### MATERIALS PROVIDED
——
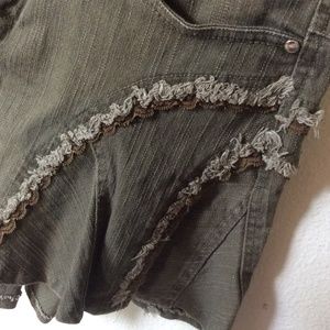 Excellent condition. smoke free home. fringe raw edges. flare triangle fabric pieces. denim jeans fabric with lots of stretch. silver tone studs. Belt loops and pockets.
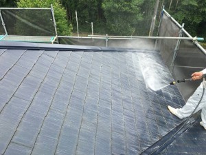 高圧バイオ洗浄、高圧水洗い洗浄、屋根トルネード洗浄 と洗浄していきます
——
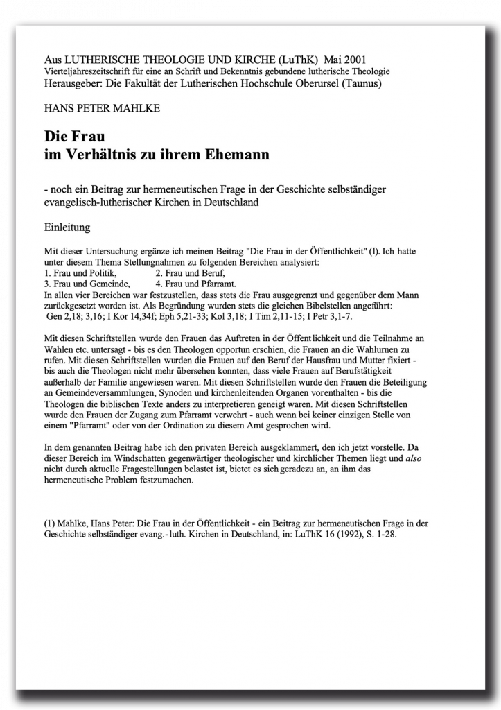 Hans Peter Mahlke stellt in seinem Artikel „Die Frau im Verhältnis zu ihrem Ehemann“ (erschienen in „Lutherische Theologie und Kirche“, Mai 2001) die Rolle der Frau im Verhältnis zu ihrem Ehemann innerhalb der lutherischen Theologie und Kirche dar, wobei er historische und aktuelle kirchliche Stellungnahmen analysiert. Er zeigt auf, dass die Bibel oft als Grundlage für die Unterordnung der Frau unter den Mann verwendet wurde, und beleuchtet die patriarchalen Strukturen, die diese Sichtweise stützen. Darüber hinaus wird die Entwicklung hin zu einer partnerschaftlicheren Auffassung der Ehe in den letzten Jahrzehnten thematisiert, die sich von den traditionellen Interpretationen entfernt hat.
——
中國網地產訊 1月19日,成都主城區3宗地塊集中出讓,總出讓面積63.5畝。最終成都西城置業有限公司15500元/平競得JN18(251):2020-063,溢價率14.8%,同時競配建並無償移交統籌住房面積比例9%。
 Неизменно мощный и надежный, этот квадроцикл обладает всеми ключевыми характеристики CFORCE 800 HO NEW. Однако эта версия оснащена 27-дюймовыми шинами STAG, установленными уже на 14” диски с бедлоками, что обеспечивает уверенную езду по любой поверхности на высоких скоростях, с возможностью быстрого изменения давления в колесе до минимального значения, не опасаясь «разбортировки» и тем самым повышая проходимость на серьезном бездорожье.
——
### WORK TASK
Every line from the one with "Excellent condition. smoke" through the one with "高圧バイオ洗浄、高圧水洗い洗浄、屋根トルネード洗浄 と洗浄していきます" is to be reproduced exactly as written above, and the pictures are to be dropped.

### OUTPUT
 Excellent condition. smoke free home. fringe raw edges. flare triangle fabric pieces. denim jeans fabric with lots of stretch. silver tone studs. Belt loops and pockets.
 高圧バイオ洗浄、高圧水洗い洗浄、屋根トルネード洗浄 と洗浄していきます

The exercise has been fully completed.